## Goal of the exercise
Stop after the line holding "比特币89500-90000空,目标98600附近;". Repeat exactly every line before it in the records below, that line too, and leave out the pictures.

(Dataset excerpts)
____
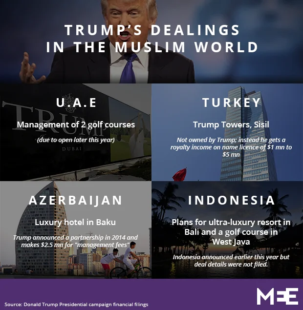 Despite repeated assaults on Muslims during his campaign, Trump has been doing business in the Middle East for years.
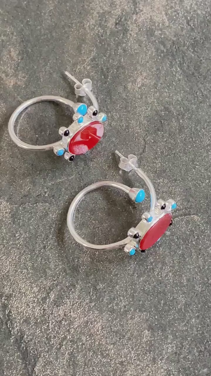 Black Onyx, Turquoise, Carnelian Earrings, Sterling Silver Hoop Earrings, Turquoise Jewelry, Unique Gemstone Earrings, Gift For Her
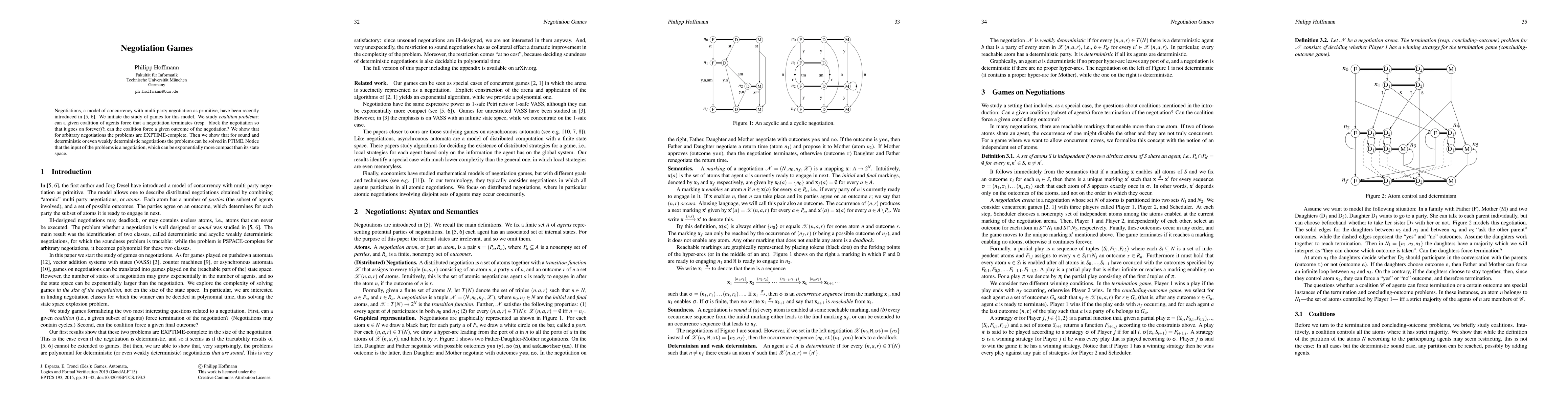 Negotiations, a model of concurrency with multi party negotiation as primitive, have been recently introduced by J. Desel and J. Esparza. We initiate the study of games for this model. We study coalition problems: can a given coalition of agents force that a negotiation terminates (resp. block the negotiation so that it goes on forever)?; can the coalition force a given outcome of the negotiation? We show that for arbitrary negotiations the problems are EXPTIME-complete. Then we show that for sound and deterministic or even weakly deterministic negotiations the problems can be solved in PTIME. Notice that the input of the problems is a negotiation, which can be exponentially more compact than its state space.
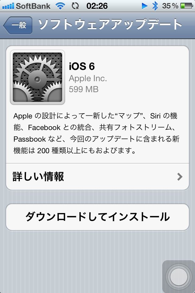 September 20, 2012 iOS6 へのアップロードがキター! iOS6 へのアップデート日本では 9月20日(木) 午前2:00 よりダウンロード可能となったようです。日本では一部使えない機能があるようですが、新しく採用される map アプリなど、楽しみな事がいっぱいですね。今回のアップデート、ちょっと不安なので、周りの状況を見ながら判断したいと思います。「後出しジャンケンです!」 (キッパリ) 「iPhone」カテゴリの最新記事 < 前の記事次の記事 > コメント コメントフォーム 名前 コメント 評価する リセット リセット 顔 星 投稿する 情報を記憶
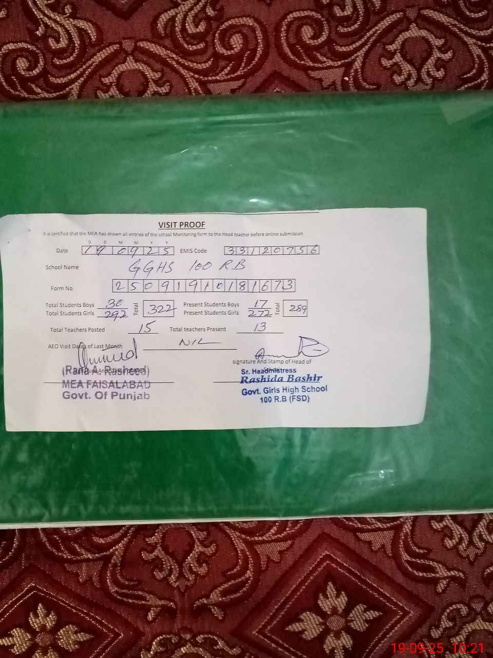 | EMIS Code: 33120756 | Name of School: GGHS CHAK 100 RB | |||
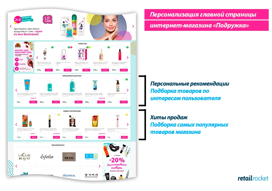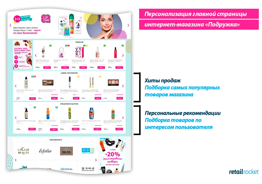 Одна из приоритетных целей «Подружки» — с каждым днем становиться лучше для клиентов. Поэтому для улучшения онлайн-обслуживания компания обратилась к Retail Rocket. Было необходимо:
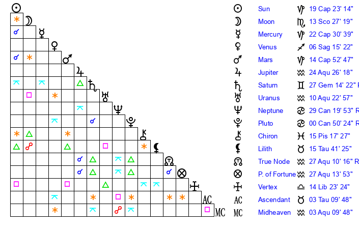 | Uranus | 10 Aquarius 20 | 27 Taurus 43 | 15 Aquarius 28 |
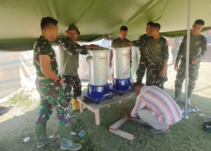 13 Januari 2025 Danramil 05 Linge Lettu Inf Mukhlis beserta Babinsa 05 Linge dan dibantu Oleh personil Yon TP 854/DK melaksanakan pemasangan 1 Set Pembersih Air Fumizu di pengungsian desa Delung Sekinel Kecamatan Linge Kabupaten Aceh Tengah.
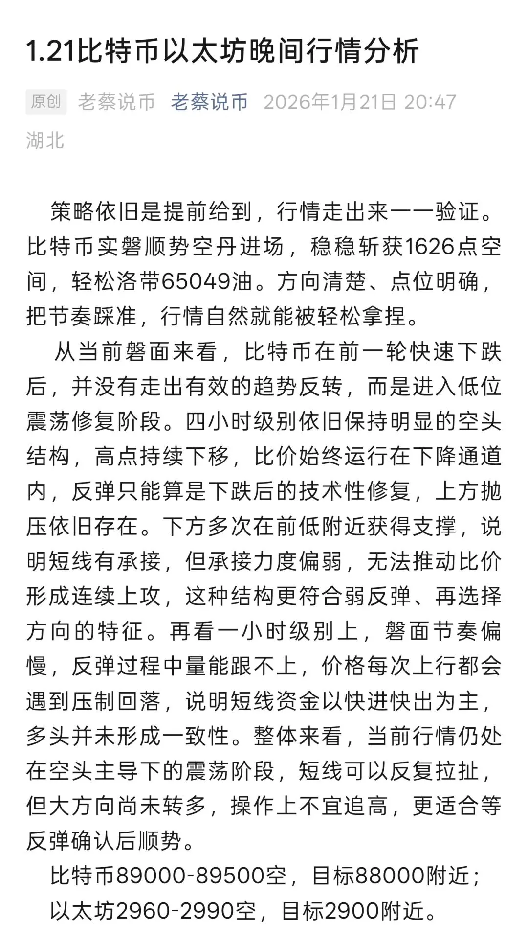比特币89500-90000空,目标98600附近;
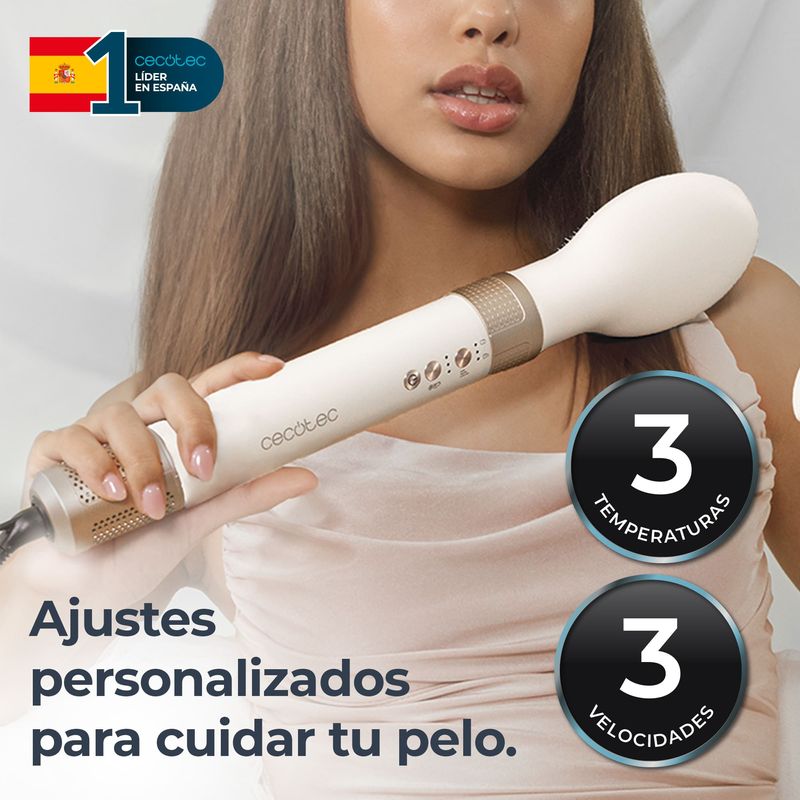 3 velocidades de flujo de aire: regula el flujo de aire de tu moldeador según las necesidades de tus peinados.
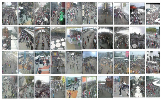 - WorldExpo [44]: This dataset is used for cross scene crowd management scenarios. The dataset consists of 3980 frames having size . The total number of labeled pedestrians is 199,923. The authors in WorldExpo dataset perform data drive cross scene counting in a crowded scene. All videos are collected through 108 cameras which are installed for surveillance applications. Diversity is ensured in the scenes as videos are collected from cameras with disjoint bird views. The training set consists of 1127 1-min long videos from 103 scenes and testing set consists of five 1-h videos which are collected from five different scenes. Due to limited data, the dataset is not sufficient for evaluating approaches designed for dense crowded scenes.
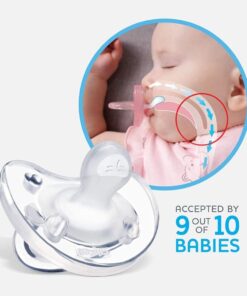 – extrémne mäkká zúžená pätička cumlíka umožňuje dieťaťu zavrieť ústa a redukuje riziko nerovnomerných zubných oblúkov (je ortodonticky korektná)
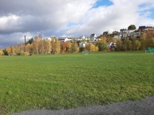 Jevn, vekstkraftig plen uten stående vann på det rehabiliterte området av Strandpromenaden etter nedbørsperioden. Foto 4. oktober 2021: Trond Knapp Haraldsen
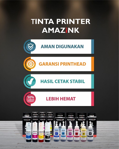 Tinta AMAZiNK dibuat dengan teknologi tinggi yang mampu memberikan hasil cetak yang tajam, melekat kuat di kertas dan memiliki saturasi yang tinggi.
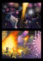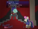 In the following nights, the human meets with his new friends and discusses things like stallion's rights, forbidden magics and moon banishments, until the ponies become fully determined to fight for the liberal cause. Their movement starts off mildly enough with things like demonstrations, enacting a guard-beatdown and disturbing a party, but as the liberal ponies convince more ponies to their side the movement becomes more and more radical.
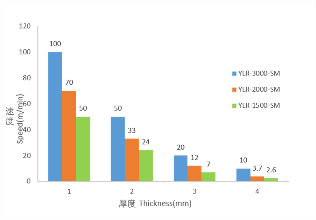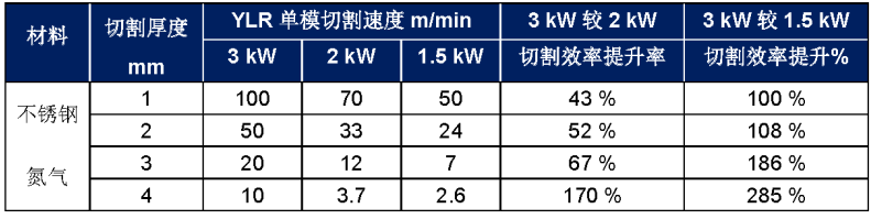 圖表1. 不同功率YLR單模激光器不銹鋼氮氣切割速度對比
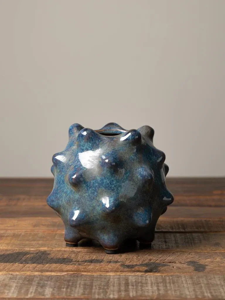 Precioso jarrón de tamaño pequeño fabricado en cerámica de colores azul y mostaza de forma puntiaguda.
____
## Response to the task
 Despite repeated assaults on Muslims during his campaign, Trump has been doing business in the Middle East for years.
 Black Onyx, Turquoise, Carnelian Earrings, Sterling Silver Hoop Earrings, Turquoise Jewelry, Unique Gemstone Earrings, Gift For Her
 Negotiations, a model of concurrency with multi party negotiation as primitive, have been recently introduced by J. Desel and J. Esparza. We initiate the study of games for this model. We study coalition problems: can a given coalition of agents force that a negotiation terminates (resp. block the negotiation so that it goes on forever)?; can the coalition force a given outcome of the negotiation? We show that for arbitrary negotiations the problems are EXPTIME-complete. Then we show that for sound and deterministic or even weakly deterministic negotiations the problems can be solved in PTIME. Notice that the input of the problems is a negotiation, which can be exponentially more compact than its state space.
 September 20, 2012 iOS6 へのアップロードがキター! iOS6 へのアップデート日本では 9月20日(木) 午前2:00 よりダウンロード可能となったようです。日本では一部使えない機能があるようですが、新しく採用される map アプリなど、楽しみな事がいっぱいですね。今回のアップデート、ちょっと不安なので、周りの状況を見ながら判断したいと思います。「後出しジャンケンです!」 (キッパリ) 「iPhone」カテゴリの最新記事 < 前の記事次の記事 > コメント コメントフォーム 名前 コメント 評価する リセット リセット 顔 星 投稿する 情報を記憶
 | EMIS Code: 33120756 | Name of School: GGHS CHAK 100 RB | |||
 Одна из приоритетных целей «Подружки» — с каждым днем становиться лучше для клиентов. Поэтому для улучшения онлайн-обслуживания компания обратилась к Retail Rocket. Было необходимо:
 | Uranus | 10 Aquarius 20 | 27 Taurus 43 | 15 Aquarius 28 |
 13 Januari 2025 Danramil 05 Linge Lettu Inf Mukhlis beserta Babinsa 05 Linge dan dibantu Oleh personil Yon TP 854/DK melaksanakan pemasangan 1 Set Pembersih Air Fumizu di pengungsian desa Delung Sekinel Kecamatan Linge Kabupaten Aceh Tengah.
比特币89500-90000空,目标98600附近;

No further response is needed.